Alan was looking for a site to showcase his great work, his workshops and his tech-related blog. He explains, ” I had very little ability to make updates and changes to my old site, and besides needing a new look, I desperately needed a site that I could manage almost entirely by myself, with no working knowledge of code and HTML, and no special, expensive software.”

Enter WordPress and Photoshelter. We chose the Crisp Photoshelter theme as the basis for the design, but tweaked a number of elements to create the templates that would work across both the text (WordPress-driven) and image-heavy (Photoshelter-driven) parts of the site.

First up was adjusting the navigation to include all the sections that Alan wanted – Workshops, Shop and Blog, as well as the usual About and Contact info.Then we darkened the overall background (which meant changing the shadow around the main content area), added a grey background to the thumbnails and single image display, and created a dark border to set off the gorgeous black and white images.
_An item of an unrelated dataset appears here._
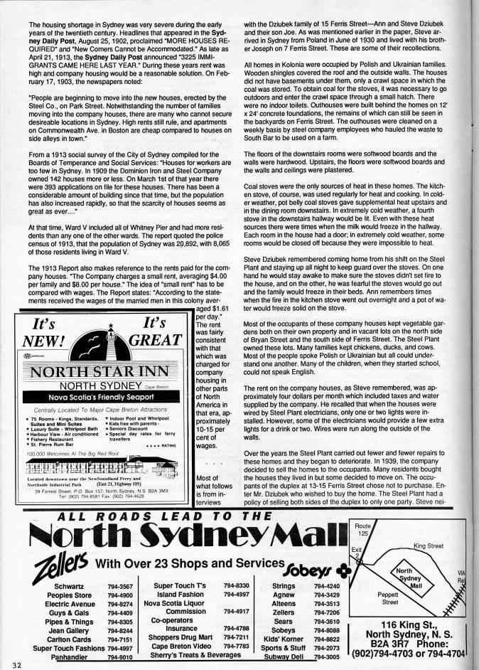 Published by Ronald Caplan on 1991/6/1 (347 reads)The housing shortage in Sydney was very severe during the eariy years of the twentieth century. Headlines that appeared in the Syd? ney Dally Post, August 25,1902, proclaimed "MORE HOUSES RE? QUIRED" and "New Comers Cannot be Accommodated." As late as April 21,1913, the Sydney Daily Post announced "3225 IMMI? GRANTS CAME HERE LAST YEAR." During these years rent was high and company housing would be a reasonable solution. On Feb? ruary 17,1903, the newspapers noted: "People are beginning to move into the new houses, erected by the Steel Co., on Pari< Street. Notwithstanding the number of families moving into the company houses, there are many who cannot secure desireable locations in Sydney. High rents still rule, and apartments on Commonwealth Ave. in Boston are cheap compared to houses on side alleys in town." with the Dziubek family of 15 Ferris Street • Ann and Steve Dziubek and their son Joe. As was mentioned eariier in the paper, Steve ar? rived in Sydney from Poland in June of 1930 and lived with his broth? er Joseph on 7 Fenris Street. These are some of their recollections. All homes in Kolonia were occupied by Polish and Ukrainian families. Wooden shingles covered the roof and the outside walls. The houses did not have basements under them, only a crawl space in which the coal was stored. To obtain coal for the stoves, it was necessary to go outdoors and enter the crawl space through a small hatch. There were no indoor toilets. Outhouses were built behind the homes on 12' X 24' concrete foundations, the remains of which can still be seen in the backyards on Ferris Street. The outhouses were cleaned on a weekly basis by steel company employees who hauled the waste to South Bar to be used on a farm. From a 1913 social survey of the City of Sydney compiled for the Boards of Temperance and Social Services: "Houses for wori

Subtle tweaks, but ones I think work well.

Alan’s Portfolio is set up as one Collection, so he can continue to add as many galleries to it as he needs to. The searchable Archive is another Boo! A Madea Halloween 2016

The Blog is set up as a WordPress blog, with the other sections of the site created as WordPress pages. So Alan can easily update both the text and images, while the whole site looks like one clean, consistent whole.

And he’s happy with the result: “David Moore listened to and heard my website needs, was responsive to my questions, and was all-around a complete pleasure to work with.”